#### [Aim of the task]
When you print the records below, keep every word exact and leave out the images.

━━━ Recorded data

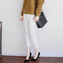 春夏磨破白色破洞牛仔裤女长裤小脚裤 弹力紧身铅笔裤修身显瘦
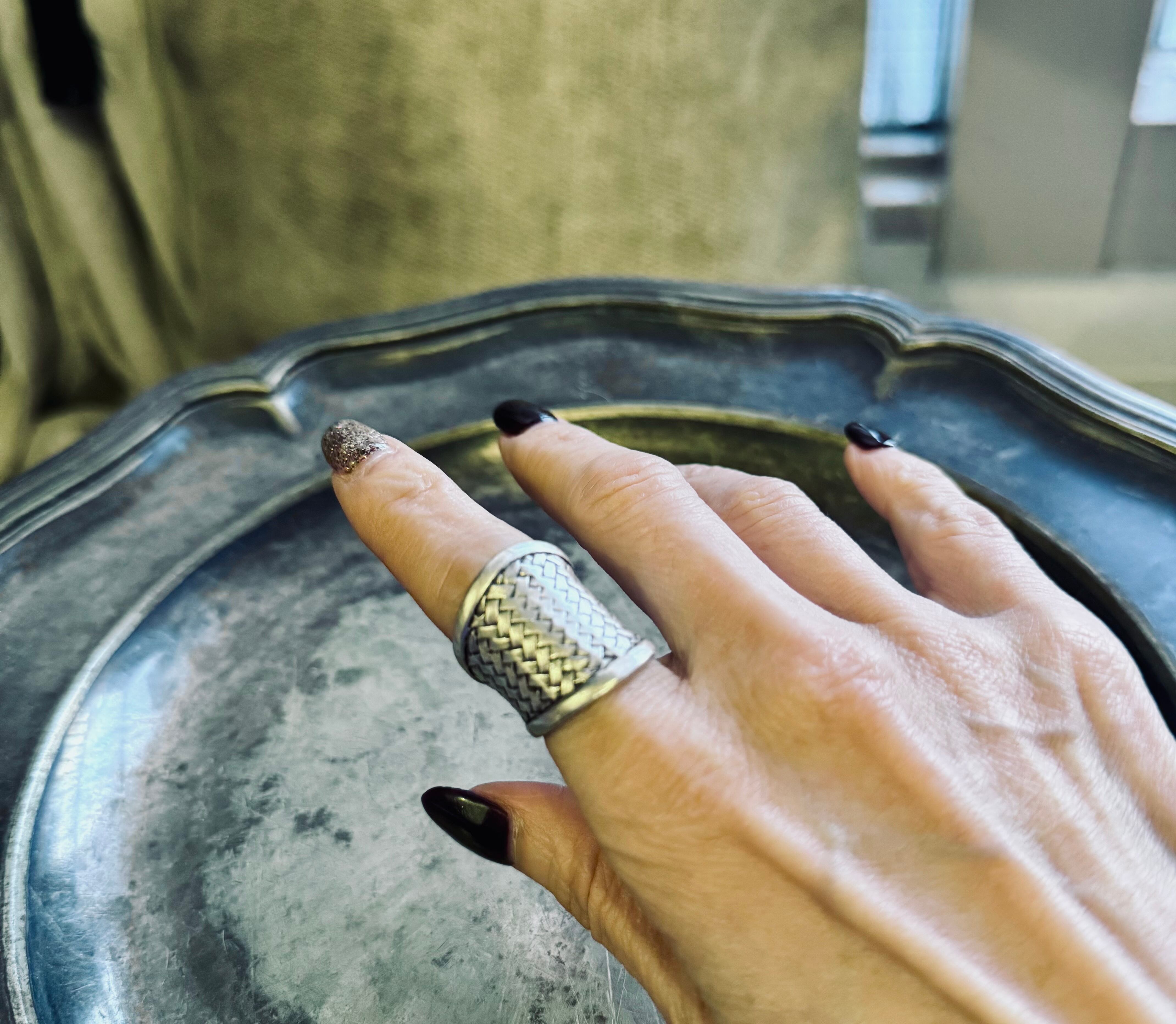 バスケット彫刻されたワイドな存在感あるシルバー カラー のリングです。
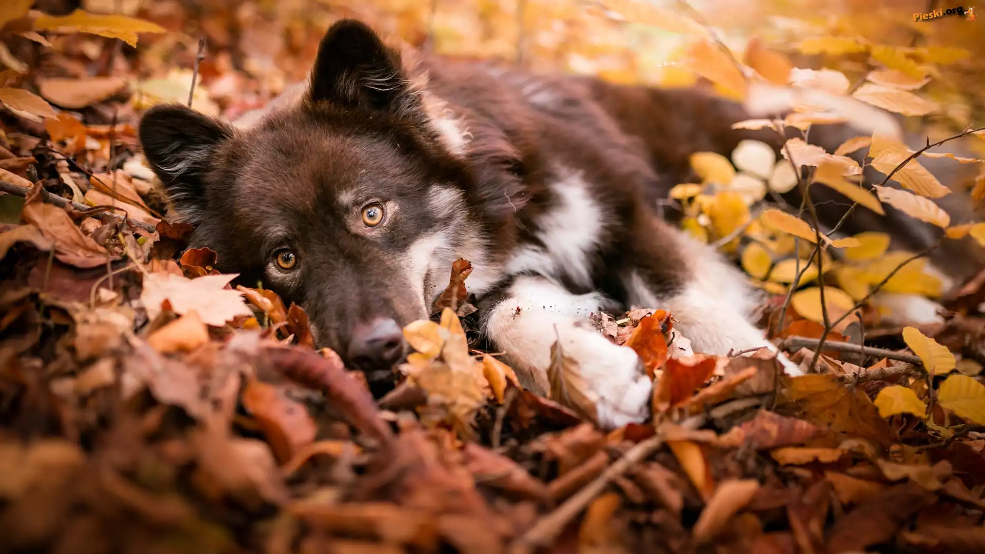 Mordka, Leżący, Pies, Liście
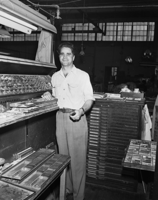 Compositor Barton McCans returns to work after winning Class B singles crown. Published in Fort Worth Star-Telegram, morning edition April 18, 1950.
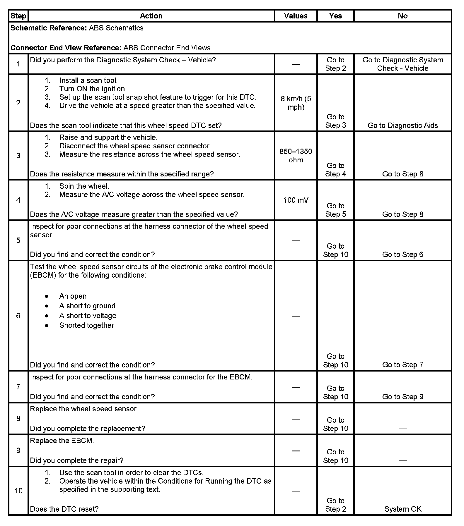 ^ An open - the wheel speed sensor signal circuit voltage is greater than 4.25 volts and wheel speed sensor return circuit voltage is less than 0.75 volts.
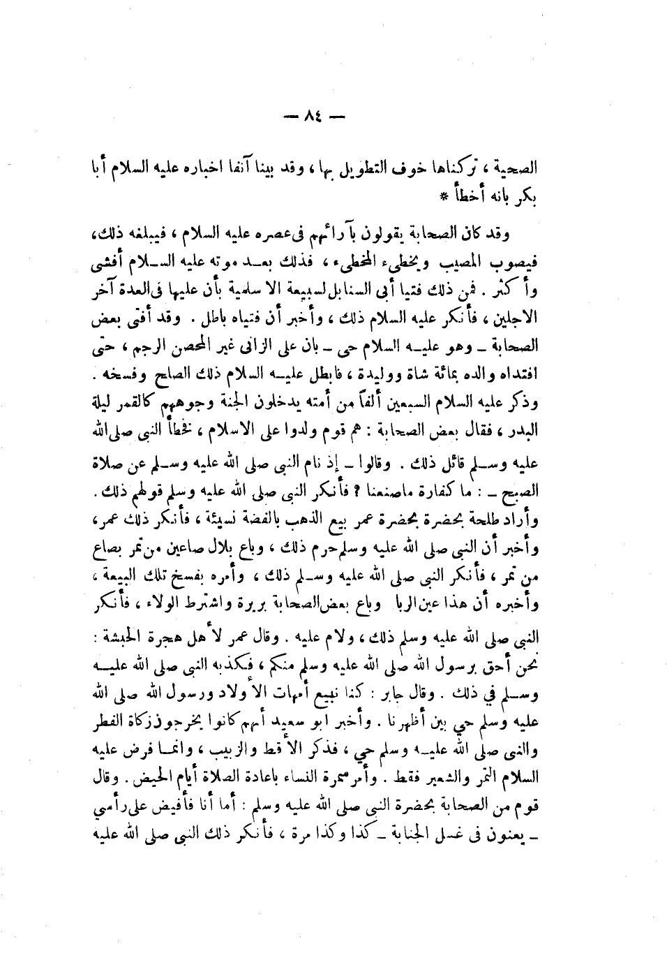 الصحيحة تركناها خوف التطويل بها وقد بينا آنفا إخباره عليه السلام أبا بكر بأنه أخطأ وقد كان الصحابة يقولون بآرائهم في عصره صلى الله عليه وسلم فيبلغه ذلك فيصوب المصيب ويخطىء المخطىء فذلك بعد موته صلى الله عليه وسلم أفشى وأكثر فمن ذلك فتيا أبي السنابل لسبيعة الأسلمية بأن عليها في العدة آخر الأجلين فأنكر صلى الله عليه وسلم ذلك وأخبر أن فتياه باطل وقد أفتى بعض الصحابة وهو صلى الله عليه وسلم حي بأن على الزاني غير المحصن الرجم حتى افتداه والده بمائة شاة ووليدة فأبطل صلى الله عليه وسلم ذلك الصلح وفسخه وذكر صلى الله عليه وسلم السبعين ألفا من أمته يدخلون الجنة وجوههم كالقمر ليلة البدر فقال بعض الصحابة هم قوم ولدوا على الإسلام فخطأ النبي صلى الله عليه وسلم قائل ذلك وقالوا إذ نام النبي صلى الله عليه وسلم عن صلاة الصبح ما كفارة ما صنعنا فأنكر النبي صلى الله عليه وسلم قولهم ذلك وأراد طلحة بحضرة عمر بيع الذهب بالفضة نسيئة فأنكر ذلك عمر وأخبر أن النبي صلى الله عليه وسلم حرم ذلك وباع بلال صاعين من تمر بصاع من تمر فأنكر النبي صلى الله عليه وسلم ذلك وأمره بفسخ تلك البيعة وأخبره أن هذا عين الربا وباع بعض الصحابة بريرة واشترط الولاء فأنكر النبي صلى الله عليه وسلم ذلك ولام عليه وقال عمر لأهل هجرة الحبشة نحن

━━━━━━

#### [Exercise solution]
 春夏磨破白色破洞牛仔裤女长裤小脚裤 弹力紧身铅笔裤修身显瘦
 バスケット彫刻されたワイドな存在感あるシルバー カラー のリングです。
 Mordka, Leżący, Pies, Liście
 Compositor Barton McCans returns to work after winning Class B singles crown. Published in Fort Worth Star-Telegram, morning edition April 18, 1950.
 ^ An open - the wheel speed sensor signal circuit voltage is greater than 4.25 volts and wheel speed sensor return circuit voltage is less than 0.75 volts.
 الصحيحة تركناها خوف التطويل بها وقد بينا آنفا إخباره عليه السلام أبا بكر بأنه أخطأ وقد كان الصحابة يقولون بآرائهم في عصره صلى الله عليه وسلم فيبلغه ذلك فيصوب المصيب ويخطىء المخطىء فذلك بعد موته صلى الله عليه وسلم أفشى وأكثر فمن ذلك فتيا أبي السنابل لسبيعة الأسلمية بأن عليها في العدة آخر الأجلين فأنكر صلى الله عليه وسلم ذلك وأخبر أن فتياه باطل وقد أفتى بعض الصحابة وهو صلى الله عليه وسلم حي بأن على الزاني غير المحصن الرجم حتى افتداه والده بمائة شاة ووليدة فأبطل صلى الله عليه وسلم ذلك الصلح وفسخه وذكر صلى الله عليه وسلم السبعين ألفا من أمته يدخلون الجنة وجوههم كالقمر ليلة البدر فقال بعض الصحابة هم قوم ولدوا على الإسلام فخطأ النبي صلى الله عليه وسلم قائل ذلك وقالوا إذ نام النبي صلى الله عليه وسلم عن صلاة الصبح ما كفارة ما صنعنا فأنكر النبي صلى الله عليه وسلم قولهم ذلك وأراد طلحة بحضرة عمر بيع الذهب بالفضة نسيئة فأنكر ذلك عمر وأخبر أن النبي صلى الله عليه وسلم حرم ذلك وباع بلال صاعين من تمر بصاع من تمر فأنكر النبي صلى الله عليه وسلم ذلك وأمره بفسخ تلك البيعة وأخبره أن هذا عين الربا وباع بعض الصحابة بريرة واشترط الولاء فأنكر النبي صلى الله عليه وسلم ذلك ولام عليه وقال عمر لأهل هجرة الحبشة نحن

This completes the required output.